Feuerwehr Ebersbach - Tragkraftspritzenanhänger: 20 000 Euro und Hochbau Feuerwehrgerätehaus: 50 000 Euro. Kita Fölschnitz - Investitionszuschuss: 100 000 Euro. Tiefbaumaßnahmen - Leitplanken: 45 000 Euro. Bergweg - Tiefbaukosten: 100 000 Euro. Rückbau Wendehammer-Weinleite: 15 000 Euro. B 289 Kauerndorf - Ampel: 22 000 Euro. Straßenbeleuchtung: 30 000 Euro. Hochwasserschutz - Grunderwerb: 30 000 Euro, Ebersbach: 50 000 Euro. Abwasseranlage: 200 500 Euro. Bauhof - Neuanschaffungen: 26 800 Euro. Wasserversorgungsanlage: 79 100 Euro. Waldwegebau: 125 000 Euro. Kauerndorf 19 - Hochbau- und Tiefbaukosten: 130 000 Euro. Schuldendienst - Tilgung: 123 000 Euro.

Schulden zum Ende 31. Dezember 2020: 1 089 719 Euro. Pro-Kopf-Verschuldung: 710 Euro.

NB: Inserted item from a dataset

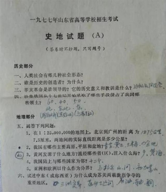 最后我們再來看一下歷史和地理試卷,1977年山東省高考將這兩科放在一起考,兩科一共才占了一面紙,再一看題目,都是最基礎(chǔ)的知識點(diǎn),如果現(xiàn)在高考這么考,估計(jì)滿分的考生占比能超過一半。

Der Haushalt für das Jahr 2020, den die Räte einstimmig verabschiedeten, hat sich im Vergleich zum Vorjahr um 764 000 Euro verringert und verweist im Verwaltungshaushalt Einnahmen und Ausgaben von 2 776 700 Euro und im Vermögenshaushalt von 1 213 400 Euro auf.

Kämmerer Tobias Müller ging in seinem Bericht besonders auf das Investitionsprogramm und die Finanzplanung der nächsten Jahre ein. Für die geplante Großbaumaßnahme "Sanierung/Neubau Kindergarten" wurde in der Finanzplanung für 2020, 2021 und 2022 eine Summe von zwei Millionen Euro einkalkuliert. An Fördergeldern rechnet die Gemeinde Ködnitz mit 900 000 Euro. Kämmerer Müller: "Eine Kostenfestsetzung und auch eine Förderzusage stehen allerdings noch aus."

Der Haushalt 2020 kommt ohne Darlehen aus, denn er kann durch die Entnahme aus der allgemeinen Rücklage ausgeglichen werden. Spätestens bei den anstehenden Großprojekten wie Kita, Hochwasserschutzmaßnahmen in Ebersbach und den Waldwegebau im Veitsgraben wird die Gemeinde Ködnitz aber nicht mehr ohne Darlehen auskommen.

Während im vorigen Jahr noch eine freie Finanzspanne von 461 365 Euro zur Verfügung stand, wird diese im Haushalt 2020 auf knapp 150 000 Euro schrumpfen. Die Kreisumlage wird trotz Senkung des Umlagesatzes um 42 000 Euro steigen. Dafür ist auf der Einnahmenseite bei der Einkommensteuerbeteiligung mit einem Anstieg um 80 000 Euro zu rechnen. Die Schlüsselzuweisungen bleiben mit 620 000 Euro auf dem Vorjahrsniveau. Weiterhin ist es nach den Worten von Kämmerer Tobias Müller notwendig, die gemeindlichen Anlagen im Rahmen der Haushaltsgrundsätze auf Sparsam- und Wirtschaftlichkeit stetig zu prüfen. Abschließend kam der Kämmerer zu dem Ergebnis, dass die Haushaltswirtschaft der Gemeinde Ködnitz als geordnet betrachtet werden kann: "Mit dem Haushalt 2020 wurde eine solide Grundlage zum Wirtschaften sowie für die in der Pipeline stehenden Projekte geschaffen."